Directions for this task:
Everything from the first line of the data through the line with "[생활식품1등 기술평가우수기업 1위파워샵]" is to be echoed exactly, minus the pictures.

___ Provided records

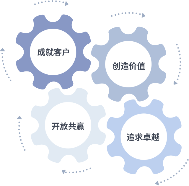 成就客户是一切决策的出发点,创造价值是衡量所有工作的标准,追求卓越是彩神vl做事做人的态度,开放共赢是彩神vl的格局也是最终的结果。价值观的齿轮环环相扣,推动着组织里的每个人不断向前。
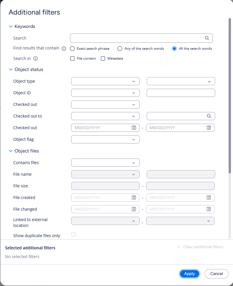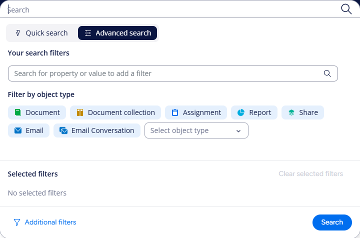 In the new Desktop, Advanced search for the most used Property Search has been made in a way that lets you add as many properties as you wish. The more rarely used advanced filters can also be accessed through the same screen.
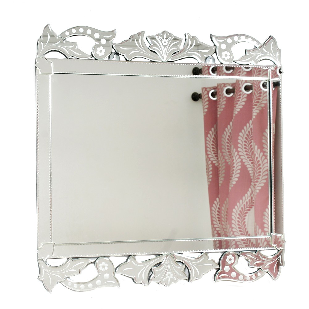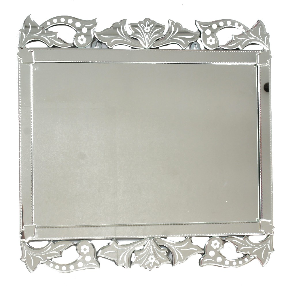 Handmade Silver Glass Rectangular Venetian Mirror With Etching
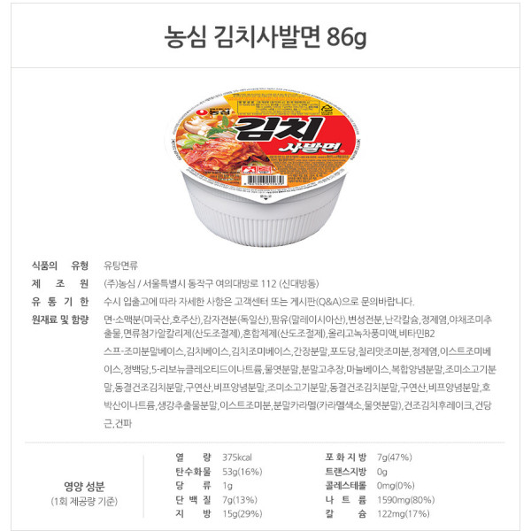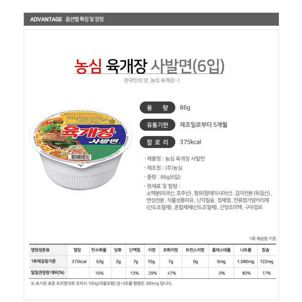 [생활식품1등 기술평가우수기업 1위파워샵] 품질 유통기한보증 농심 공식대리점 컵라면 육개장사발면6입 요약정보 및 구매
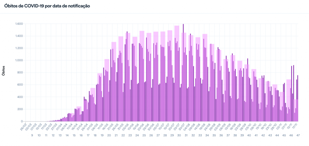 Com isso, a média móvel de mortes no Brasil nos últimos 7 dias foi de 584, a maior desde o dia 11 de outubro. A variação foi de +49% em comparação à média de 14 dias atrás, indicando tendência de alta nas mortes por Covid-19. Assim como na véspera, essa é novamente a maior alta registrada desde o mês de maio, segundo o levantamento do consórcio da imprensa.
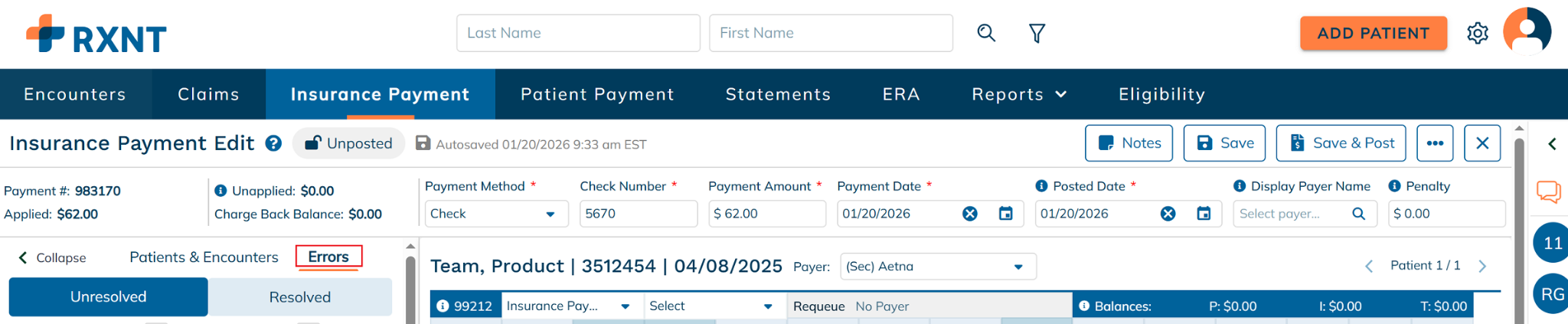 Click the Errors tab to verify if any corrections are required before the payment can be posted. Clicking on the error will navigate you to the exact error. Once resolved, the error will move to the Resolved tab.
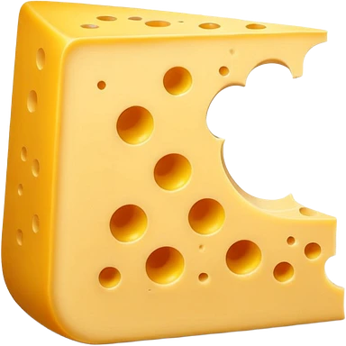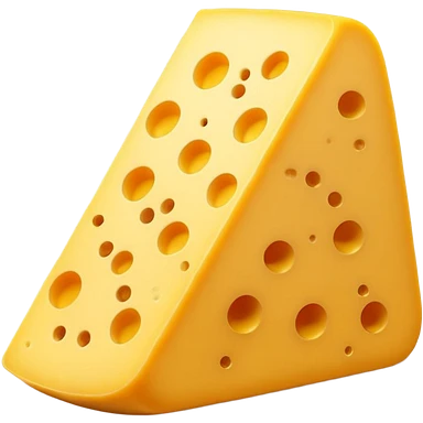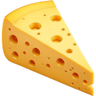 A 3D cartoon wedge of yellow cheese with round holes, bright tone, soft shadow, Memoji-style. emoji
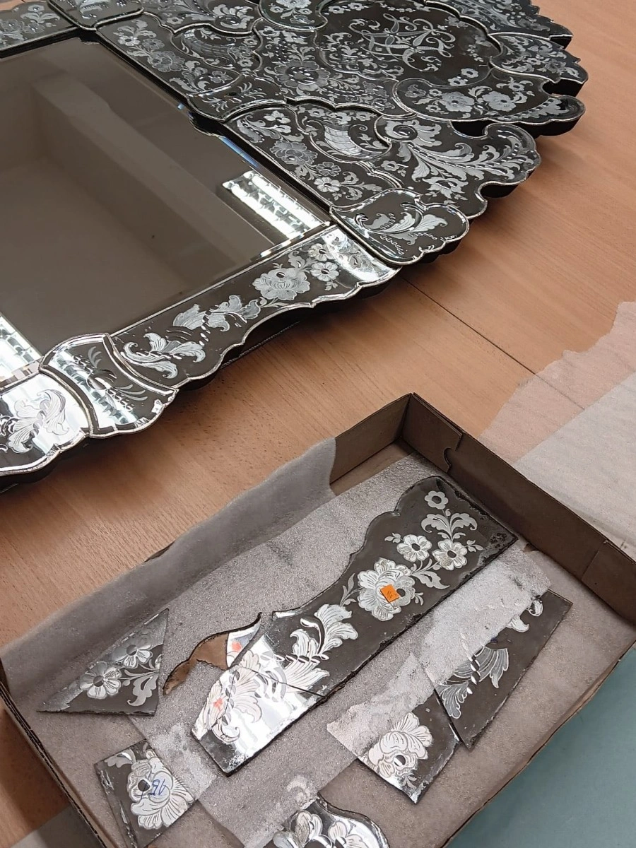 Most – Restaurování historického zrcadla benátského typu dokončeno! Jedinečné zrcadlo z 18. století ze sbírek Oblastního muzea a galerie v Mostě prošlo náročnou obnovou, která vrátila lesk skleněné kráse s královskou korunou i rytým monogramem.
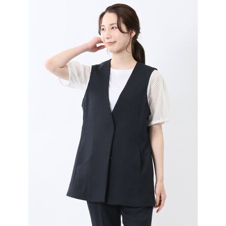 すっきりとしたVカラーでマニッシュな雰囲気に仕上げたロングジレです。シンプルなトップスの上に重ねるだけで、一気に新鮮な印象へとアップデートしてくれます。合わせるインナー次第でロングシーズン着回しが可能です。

______

Result of this exercise:
 成就客户是一切决策的出发点,创造价值是衡量所有工作的标准,追求卓越是彩神vl做事做人的态度,开放共赢是彩神vl的格局也是最终的结果。价值观的齿轮环环相扣,推动着组织里的每个人不断向前。
 In the new Desktop, Advanced search for the most used Property Search has been made in a way that lets you add as many properties as you wish. The more rarely used advanced filters can also be accessed through the same screen.
 Handmade Silver Glass Rectangular Venetian Mirror With Etching
 [생활식품1등 기술평가우수기업 1위파워샵] 품질 유통기한보증 농심 공식대리점 컵라면 육개장사발면6입 요약정보 및 구매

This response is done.